Sonatina for Violin and Piano in G major, Op. 100, B183

Opus number

100

Burghauser catalogue number

183

Date of composition

19 November – 3 December 1893

Premiere - date and place

private performance: December 1893, New York
public performance: (?) 10 January 1896, Brno

Premiere performer(s)

private performance: Antonin Dvořák Jr., Otilie Dvořáková
public performance: (?) Rudolf Reissig, Marie Kuhlová-Jelínková

First edition

Simrock, 1894, Berlin

Main key

G major

Parts / movements

1. Allegro risoluto
2. Larghetto
3. Scherzo. Molto vivace
4. Finale. Allegro

Duration

approx. 20 min.

composition history

The Sonatina in G major was written in New York over a two-week period in late November and early December 1893 during the second school year of the composer’s tenure at the National Conservatory. Dvořák was aware of the fact that this was now his 100th opus (“officially” his 100th, since he had, in fact, written many more) and he decided to celebrate the fact “a la Dvořák”: he dedicated the work “to my little children”, as the dedication reads on the printed score. Above all to Otilie, who was learning the piano with Dvořák’s colleague from the Conservatoire, Adele Margulies, and Antonín, who was studying the violin with Josef Kovařík. Both children performed the work in a private premiere.

general characteristics

The Sonatina in G major can probably be regarded as the most popular and most frequently performed work of the composer’s oeuvre for this combination of instruments.
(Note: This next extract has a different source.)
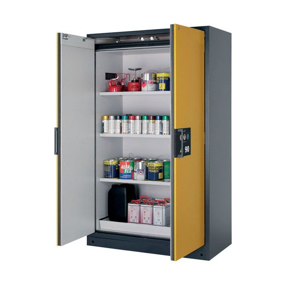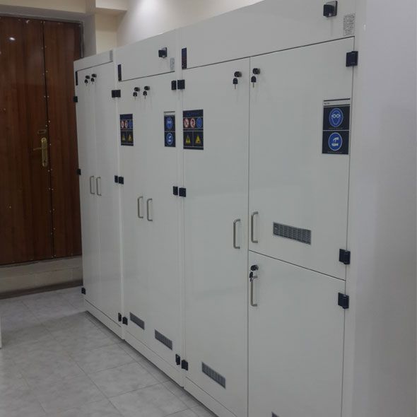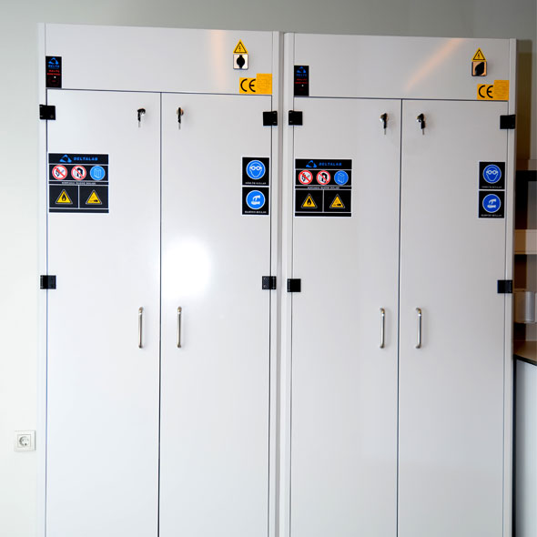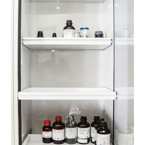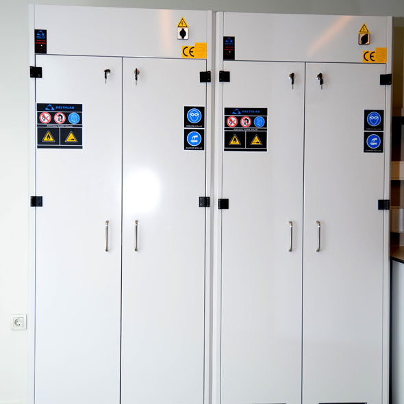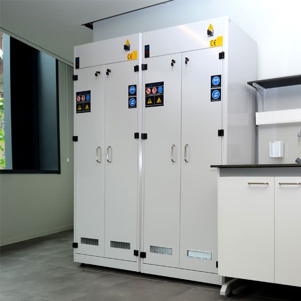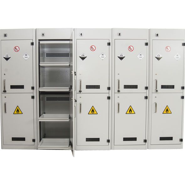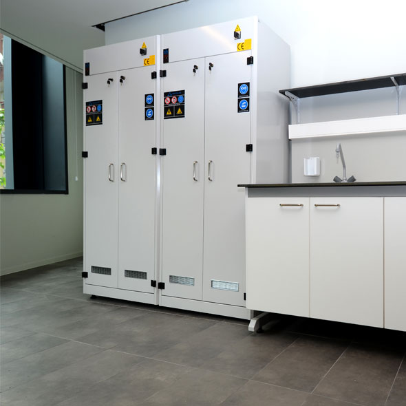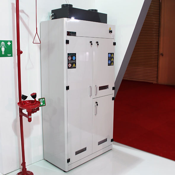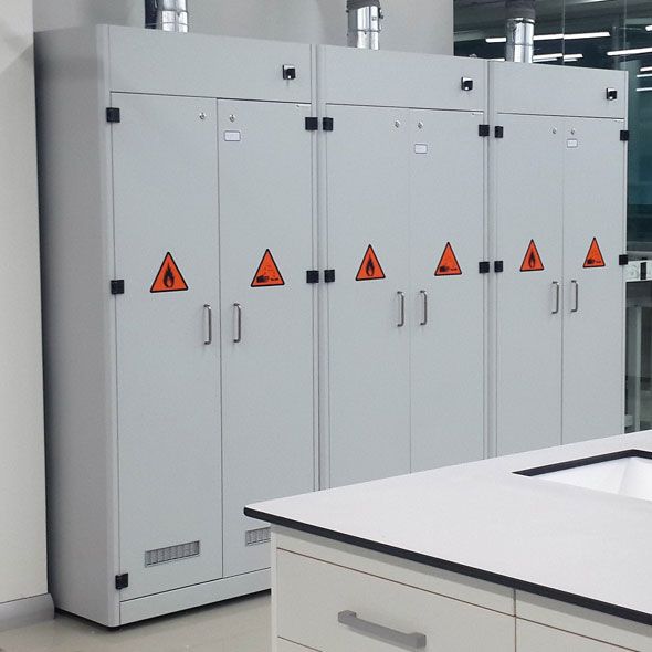 خزانات تخزين المواد الكيميائية هي واحدة من أثاث المختبرات الذي ال غنى عنه. تخزين كيميائي غير آمن ؛ قد يتسبب في مواقف تعرض السالمة في مكان العمل للخطر مثل الحرارة والنار واالنفجار وتسرب الغازات السامة. تُستخدم خزانات تخزين المواد الكيميائية لتخزين المواد الكيميائية بأمان بكميات متفاوتة داخل المختبر بشكل قياسي. خزانات تخزين المواد الكيميائية عبارة عن أثاث مستودعات تستخدم بشكل شائع من قبل المختبرات الكيميائية أو شركات األدوية لتخزين المواد الكيميائية السائبة. تصنع هذه الخزانات عادة من مواد مقاومة للمواد الكيميائية المخزنة بالداخل ، ويفضل البولي بروبلين في .كثير من األحيان لمنع التآكل

It is perhaps best described by Dvořák himself when he informed his publisher Simrock about the piece: “It is meant for young people, but also for adults, let them enjoy it, too, they’ll have fun playing it as well.” Both parts are indeed written fairly simply, and are not all that technically demanding. But the composer wasn’t going to make his own task too easy. Within the traditional form, the musical ideas are developed in a highly original way, involving intriguing deviations in the exposition of the individual themes. The mood of the sonata is light-hearted and invigorating, although we will catch a waft of melancholy at certain points. Like other works from Dvořák’s American period, the sonatina employs the pentatonic scale and syncopated rhythms, among others.

formal characteristics

The first movement is written in sonata form and has three themes. Its overall tone is determined by the main subject with its energetic four-bar introduction, which also plays an important role in the development section. The movement ends surprisingly in a soft, tranquil coda. The main theme of the second movement supposedly came to Dvořák as he watched the Minnehaha waterfall. This is a melancholic piece of music which, for its melodic beauty and strong emotional impact, was later published independently under various romantic-sounding titles (“Indian lullaby”, “Indian lament” and so on.). The third movement is a little scherzo, with identical rhythmical outer sections and a contrasting trio. The fourth movement is once again a sonata-form scheme with three themes. Dvořák’s “American” inspiration is particularly prevalent in the secondary theme which is strongly reminiscent of Native American drum beats, as was the case in the composer’s previous work, the String Quintet in E flat major. The movement finishes off with an impressive coda structured around the first two bars of the main subject.